The Honorable Claud V. Cash State Senator 1301 Thrush Jonesboro, AR 72401
Dear Senator Cash:
You have presented the following questions for my opinion:
If an annexation occurs between two districts and the agreement between the two districts provides for an even number of school board members, can they continue to operate with an even number of board members in light of A.C.A. § 6-13-1205? How does Act 966 of 1991 affect the agreement between these districts?
You indicate that your questions arise out of an annexation agreement between the Caraway School District No. 10 and the Lake City School District No. 4, entered into in 1987. The resulting district was the Riverside School District No. 15. The resolutions from both districts called for a school board to be comprised of ten members. However, the "Order Confirming Annexation," issued by the county board of education, provided for an eight-person board. You further state that the board's having an even number of members has resulted in deadlock on various issues.
RESPONSE
It is my opinion, as discussed more fully below, that the Riverside School District can legally operate with an even number of board members; however, it cannot legally operate with more than seven board members. The district is statutorily authorized to petition to decrease the number of board positions.
You specifically inquired about the effect upon the situation of Act 966 of 1991 — and specifically A.C.A. § 6-13-1205 (which was part of Act 966 of 1991). That statute prohibited the establishment of boards with an even number of board positions. Act 966 of 1991 (A.C.A. § 6-13-1201 through -1209) was repealed by Acts 2001, No. 1225, § 3. I therefore will not address the applicability of those laws to the situation you have described. I note that a similar provision was re-enacted in 2001 by Act 1225. See A.C.A. § 6-13-1406(f). However, because it prohibits the "establishment" of boards with an even number of positions, it is my opinion that it does not affect an already-existing board and is therefore not pertinent to your question.
Rather, the pertinent statute is A.C.A. § 6-13-634, which states:
(a) As of July 1, 2000, all school districts shall have a board of directors with no fewer than five (5) and no more than seven (7) members, or no more than nine (9) members in the case of a school district having an average daily attendance of twenty-four thousand (24,000) or more.
(b) Subsection (a) of this section shall not apply to those school districts which have a board of directors of more than seven (7) members, or no more than nine (9) members in the case of a school district having an average daily attendance of twenty-four thousand (24,000) or more, if that school district is operating under a court order or a consolidation agreement that provides for a board of directors.
A.C.A. § 6-13-634.
Although this statute appears, through its reference to five members and seven members, to envision that school boards will have an odd number of members, it does not state this requirement.
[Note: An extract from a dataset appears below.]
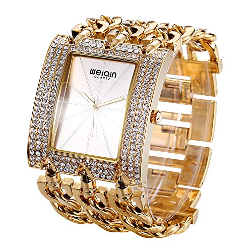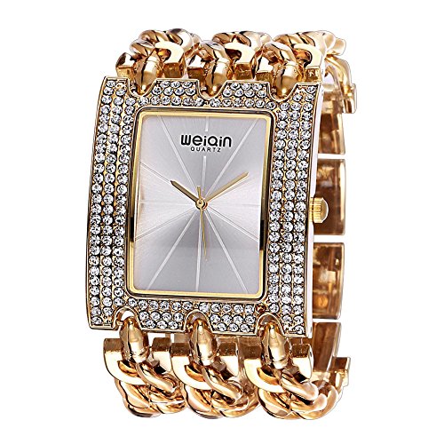 -. Title : WEIQIN Women Ladies Luxury Crystal Gold Bracelet Fashion Casual Dress Wrist Watch (Gold Silver)

Moreover, no other currently applicable law imposes a requirement that an already-existing school district have an odd number of board positions.
The more important issue that is raised by the language of A.C.A. §6-13-634 is the fact that it imposes an upper limit of seven board members (except in school districts having an average daily attendance of 24,000 or more). In my opinion, because the Riverside School District has eight board members, it is in violation of this limitation. Accord, Op. Att'y Gen. No. 99-275. (I note that the law that was in effect in 1987 at the time of this annexation permitted school boards to have eight members. See Acts 1949, No. 214.)
Moreover, the fact that the board has an even number of members (although this fact, in and of itself, does not make the board illegal) does result in the type of deadlock you have described. Accordingly, the board should be cognizant of the provisions of A.C.A. § 6-13-606, which authorize the school boards with five or more members to petition the State Board of Education requesting a decrease in the number of board positions. I note that any action taken by the board in this regard should be taken in consultation with the school district's private counsel. I also note that the statutory imposition of a condition that is contrary to a previously existing annexation or consolidation agreement is permissible under the law. See East Poinsett County Sch. Dist. No. 14 v. Massey, 315 Ark. 163,866 S.W.2d 369 (1993).
Assistant Attorney General Suzanne Antley prepared the foregoing opinion, which I hereby approve.